▸ TASK BRIEF
Since the records include pictures, leave those out while you reproduce exactly and only the lines from the one containing "On a grid of" through the one containing "Un ensemble de", inclusive.

========================================

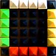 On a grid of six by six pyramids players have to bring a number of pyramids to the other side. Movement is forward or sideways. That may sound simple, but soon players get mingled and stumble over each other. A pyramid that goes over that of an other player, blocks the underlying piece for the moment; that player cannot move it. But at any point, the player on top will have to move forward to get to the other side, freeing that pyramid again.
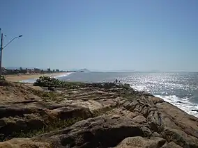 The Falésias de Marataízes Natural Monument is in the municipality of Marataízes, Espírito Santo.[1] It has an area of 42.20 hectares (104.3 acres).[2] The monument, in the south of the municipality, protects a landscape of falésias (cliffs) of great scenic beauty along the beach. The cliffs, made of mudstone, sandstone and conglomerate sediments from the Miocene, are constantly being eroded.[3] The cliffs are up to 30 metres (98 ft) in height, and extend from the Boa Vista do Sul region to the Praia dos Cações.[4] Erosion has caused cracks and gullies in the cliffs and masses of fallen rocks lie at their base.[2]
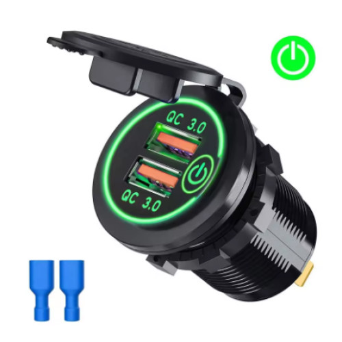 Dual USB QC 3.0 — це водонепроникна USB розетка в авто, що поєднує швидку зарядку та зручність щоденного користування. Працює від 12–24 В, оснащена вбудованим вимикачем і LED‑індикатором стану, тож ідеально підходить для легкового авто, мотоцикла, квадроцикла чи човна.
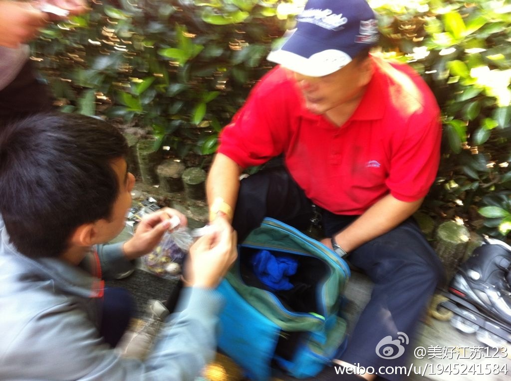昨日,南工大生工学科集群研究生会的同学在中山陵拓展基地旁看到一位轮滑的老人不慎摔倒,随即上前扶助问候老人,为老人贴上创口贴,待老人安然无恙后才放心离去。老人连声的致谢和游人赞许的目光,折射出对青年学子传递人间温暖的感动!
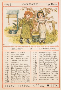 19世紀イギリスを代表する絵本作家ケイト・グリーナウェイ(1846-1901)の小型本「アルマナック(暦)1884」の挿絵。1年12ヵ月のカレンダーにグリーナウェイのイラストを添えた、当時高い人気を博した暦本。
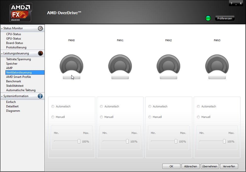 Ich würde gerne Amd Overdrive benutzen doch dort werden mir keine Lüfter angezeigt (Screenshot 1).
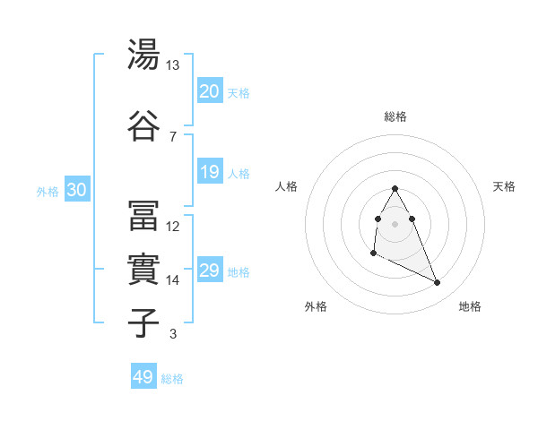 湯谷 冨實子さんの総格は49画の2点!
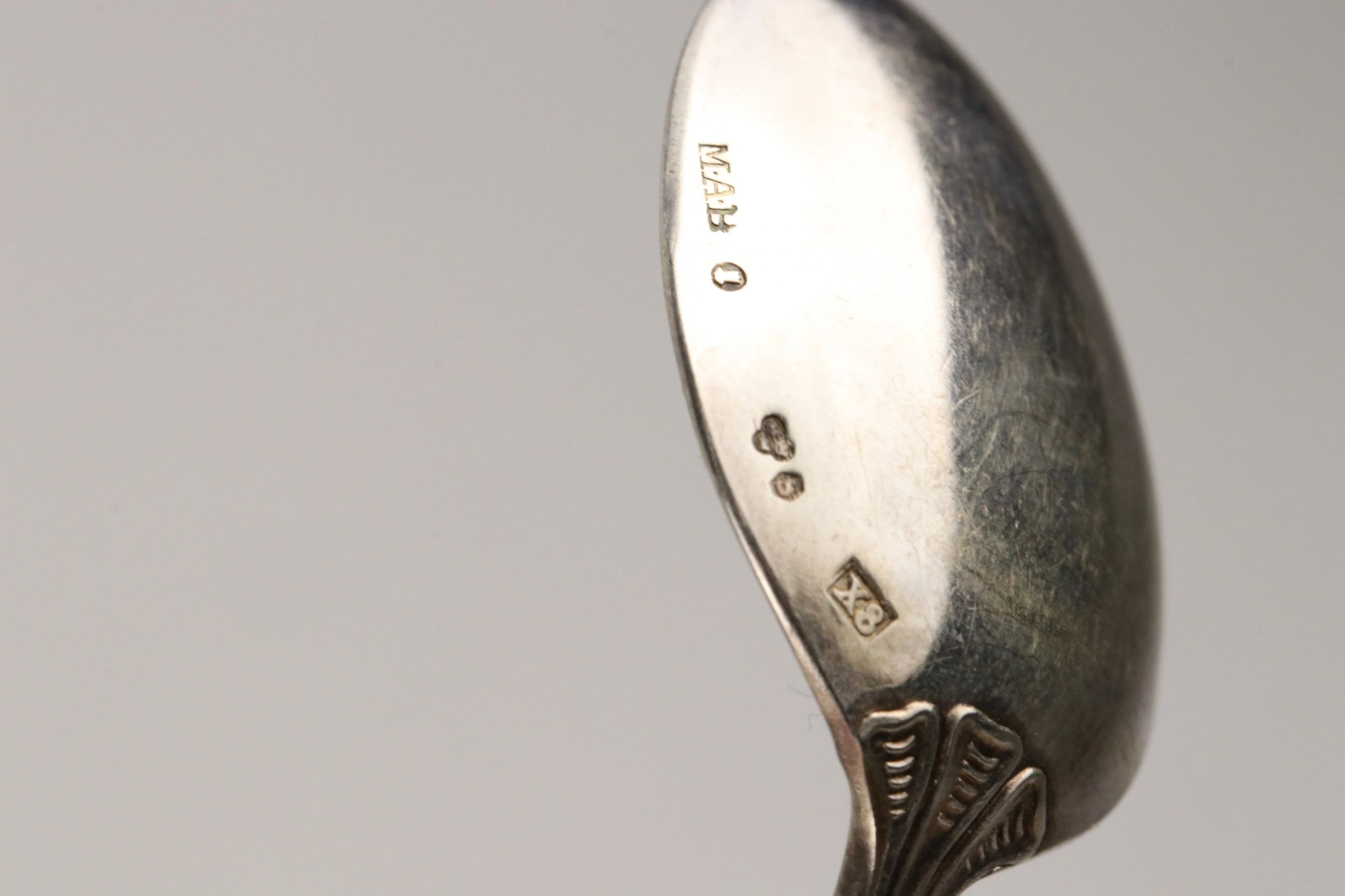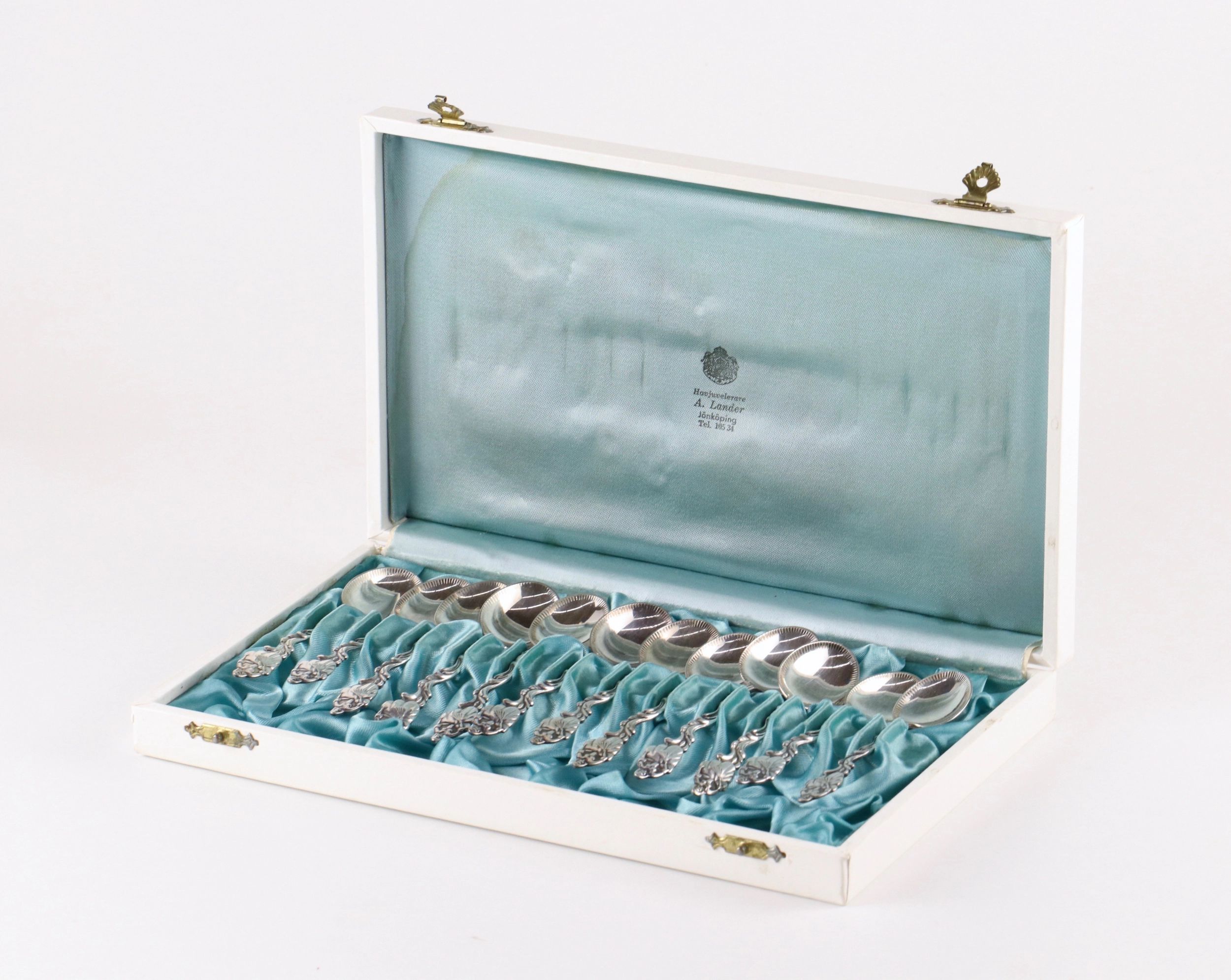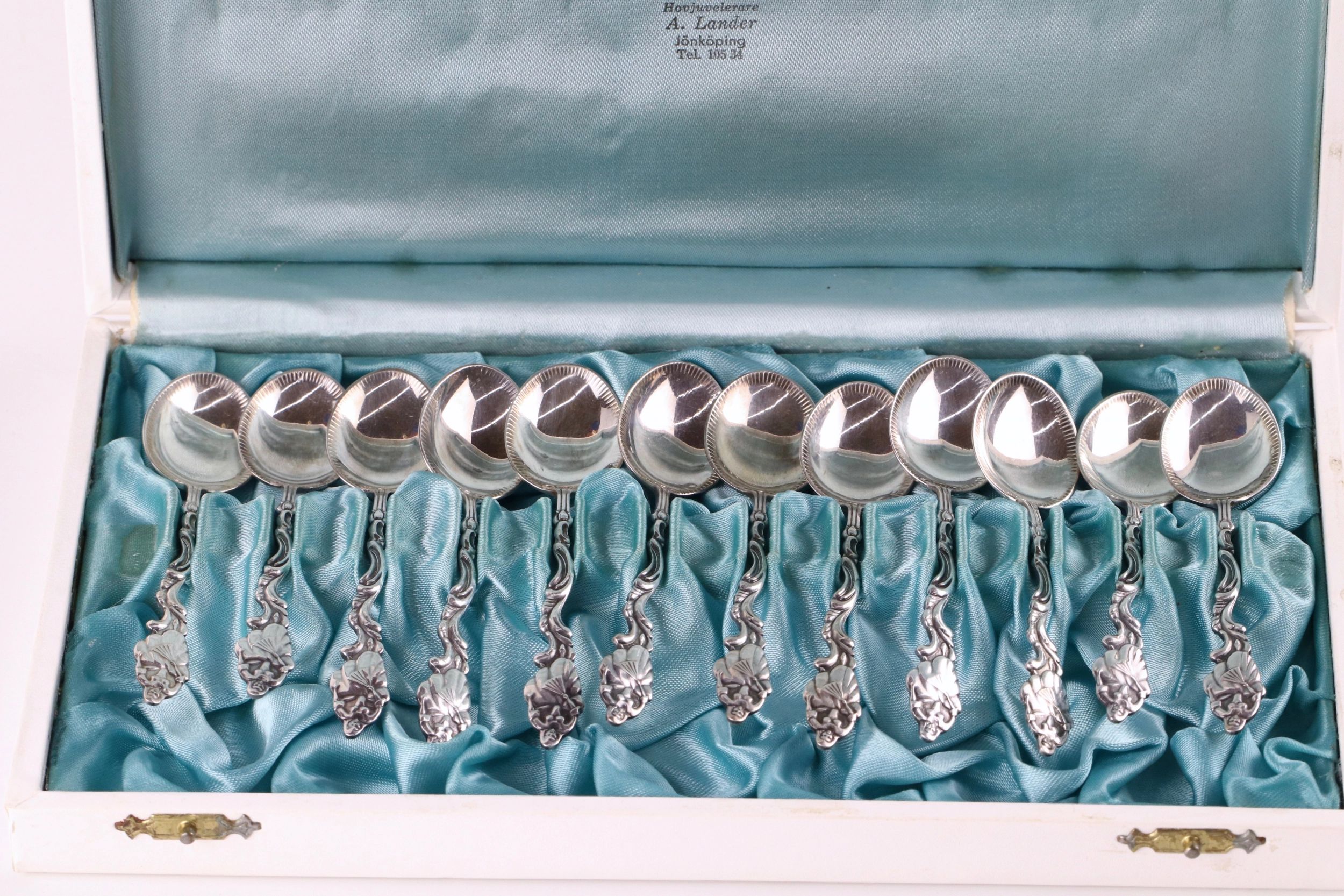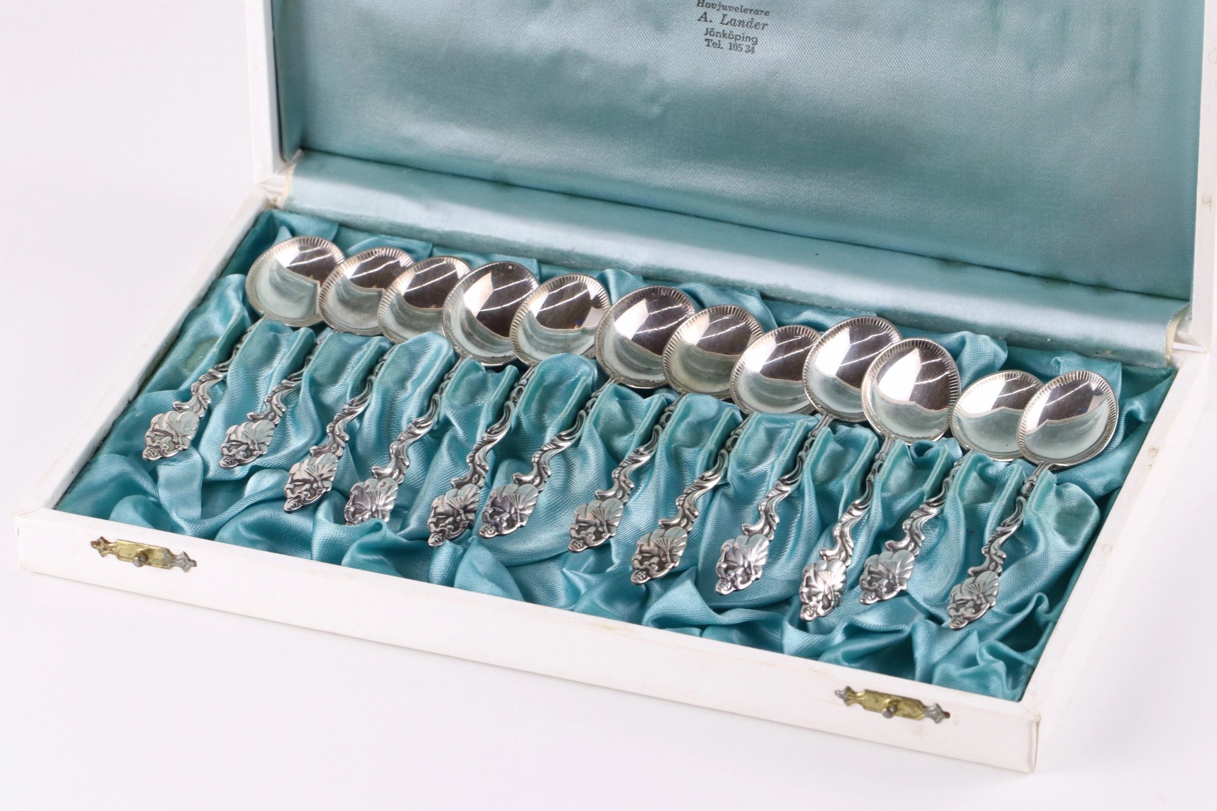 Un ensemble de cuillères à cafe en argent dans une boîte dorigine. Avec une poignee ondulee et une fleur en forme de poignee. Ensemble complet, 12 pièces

========================================

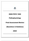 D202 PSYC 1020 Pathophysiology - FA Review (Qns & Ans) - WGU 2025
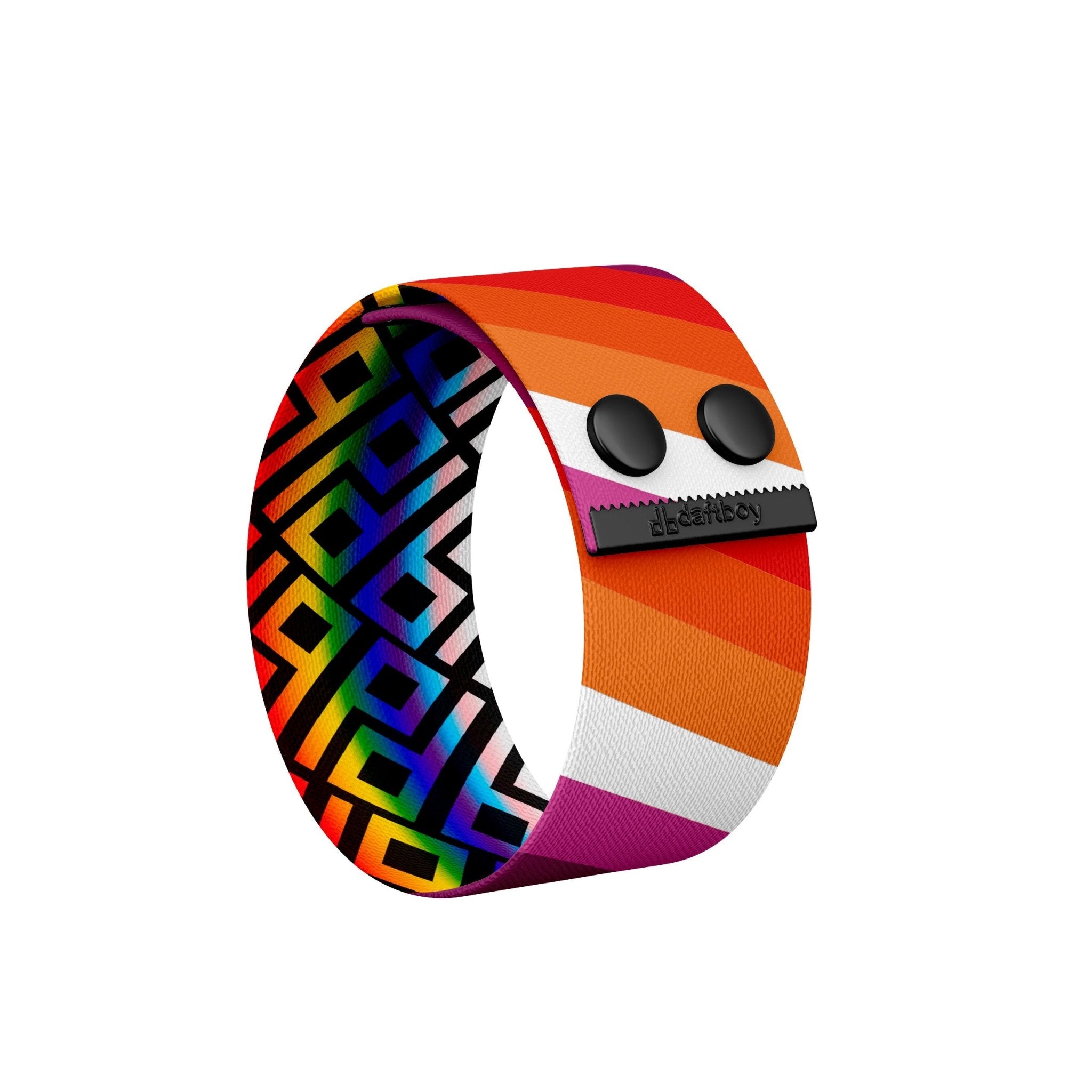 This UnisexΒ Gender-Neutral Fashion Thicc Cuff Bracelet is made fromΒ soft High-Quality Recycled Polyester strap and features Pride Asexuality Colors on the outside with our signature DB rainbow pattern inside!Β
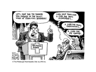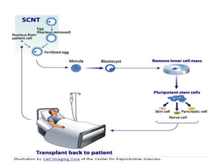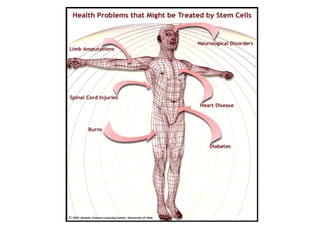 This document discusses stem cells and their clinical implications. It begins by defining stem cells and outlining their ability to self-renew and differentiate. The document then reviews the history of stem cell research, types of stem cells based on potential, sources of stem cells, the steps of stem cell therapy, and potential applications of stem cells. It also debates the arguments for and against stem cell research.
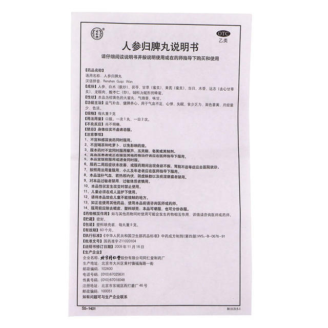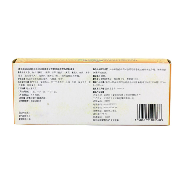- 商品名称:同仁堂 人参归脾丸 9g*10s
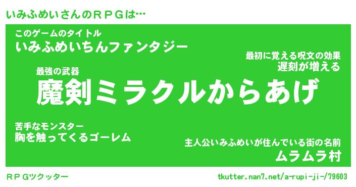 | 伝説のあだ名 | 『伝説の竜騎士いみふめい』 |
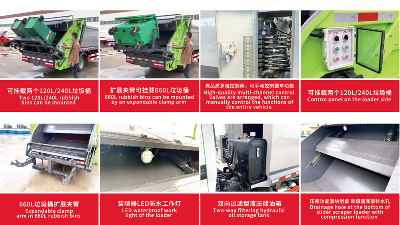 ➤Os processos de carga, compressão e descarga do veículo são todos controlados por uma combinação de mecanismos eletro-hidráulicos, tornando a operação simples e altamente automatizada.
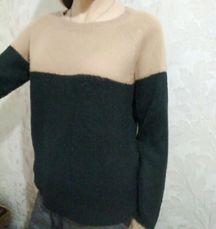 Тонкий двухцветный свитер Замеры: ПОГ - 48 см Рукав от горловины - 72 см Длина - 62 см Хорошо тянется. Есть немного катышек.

========================================

▸ RESPONSE BOX
 On a grid of six by six pyramids players have to bring a number of pyramids to the other side. Movement is forward or sideways. That may sound simple, but soon players get mingled and stumble over each other. A pyramid that goes over that of an other player, blocks the underlying piece for the moment; that player cannot move it. But at any point, the player on top will have to move forward to get to the other side, freeing that pyramid again.
 The Falésias de Marataízes Natural Monument is in the municipality of Marataízes, Espírito Santo.[1] It has an area of 42.20 hectares (104.3 acres).[2] The monument, in the south of the municipality, protects a landscape of falésias (cliffs) of great scenic beauty along the beach. The cliffs, made of mudstone, sandstone and conglomerate sediments from the Miocene, are constantly being eroded.[3] The cliffs are up to 30 metres (98 ft) in height, and extend from the Boa Vista do Sul region to the Praia dos Cações.[4] Erosion has caused cracks and gullies in the cliffs and masses of fallen rocks lie at their base.[2]
 Dual USB QC 3.0 — це водонепроникна USB розетка в авто, що поєднує швидку зарядку та зручність щоденного користування. Працює від 12–24 В, оснащена вбудованим вимикачем і LED‑індикатором стану, тож ідеально підходить для легкового авто, мотоцикла, квадроцикла чи човна.
昨日,南工大生工学科集群研究生会的同学在中山陵拓展基地旁看到一位轮滑的老人不慎摔倒,随即上前扶助问候老人,为老人贴上创口贴,待老人安然无恙后才放心离去。老人连声的致谢和游人赞许的目光,折射出对青年学子传递人间温暖的感动!
 19世紀イギリスを代表する絵本作家ケイト・グリーナウェイ(1846-1901)の小型本「アルマナック(暦)1884」の挿絵。1年12ヵ月のカレンダーにグリーナウェイのイラストを添えた、当時高い人気を博した暦本。
 Ich würde gerne Amd Overdrive benutzen doch dort werden mir keine Lüfter angezeigt (Screenshot 1).
 湯谷 冨實子さんの総格は49画の2点!
 Un ensemble de cuillères à cafe en argent dans une boîte dorigine. Avec une poignee ondulee et une fleur en forme de poignee. Ensemble complet, 12 pièces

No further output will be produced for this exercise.